Collected data Block Start

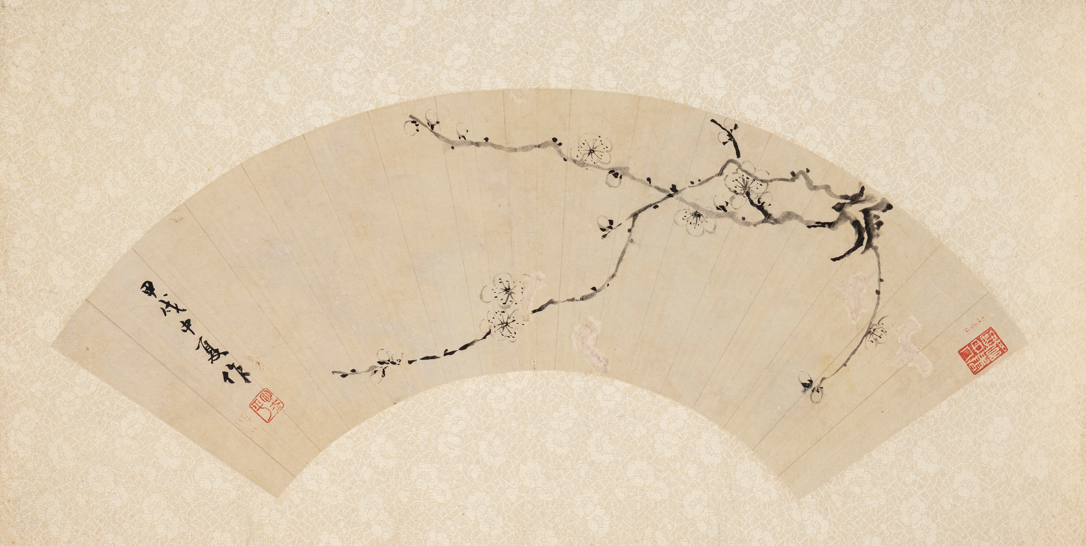 raffiguranti motivi floreali e paesaggio con pagode.
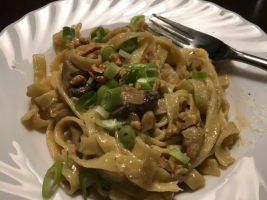 Die Tagliatelle in die Pfanne geben und alles gut vermischen. Auf Tellern anrichten und mit den vorbereiteten Frühlingszwiebeln und Walnusskernen garnieren.
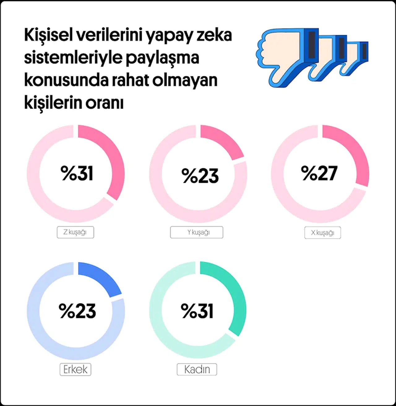 Öte yandan öğrencilerin yüzde 73'ü, yapay zeka kullanımıyla ilgili endişeli olduklarını dile getirdi. Yapay zeka tabanlı öğrenme süreçlerine ilişkin en büyük endişenin 'insan etkileşimi' olduğunu dile getiren Mustafa Ali Sivişoğlu, “Öğrenciler, gerçek öğretmenlerle öğrenirken motivasyon için daha önemli ve canlı bir sebebe sahip oluyor. Öğrenciler, özellikle sevdikleri öğretmenlerle geçirdikleri zamana çok değer veriyor ve bu da öğrenme verimliliğini artırıyor. Öte yandan özellikle Z kuşağı, yapay zeka ile kişisel bilgi paylaşma konusunda çekimser" diye konuştu.

Collected data Block End

## Task brief
Leave the pictures out and output exactly the lines above, from the start of the listing through the line with "Die Tagliatelle in".

## Response for this exercise
 raffiguranti motivi floreali e paesaggio con pagode.
 Die Tagliatelle in die Pfanne geben und alles gut vermischen. Auf Tellern anrichten und mit den vorbereiteten Frühlingszwiebeln und Walnusskernen garnieren.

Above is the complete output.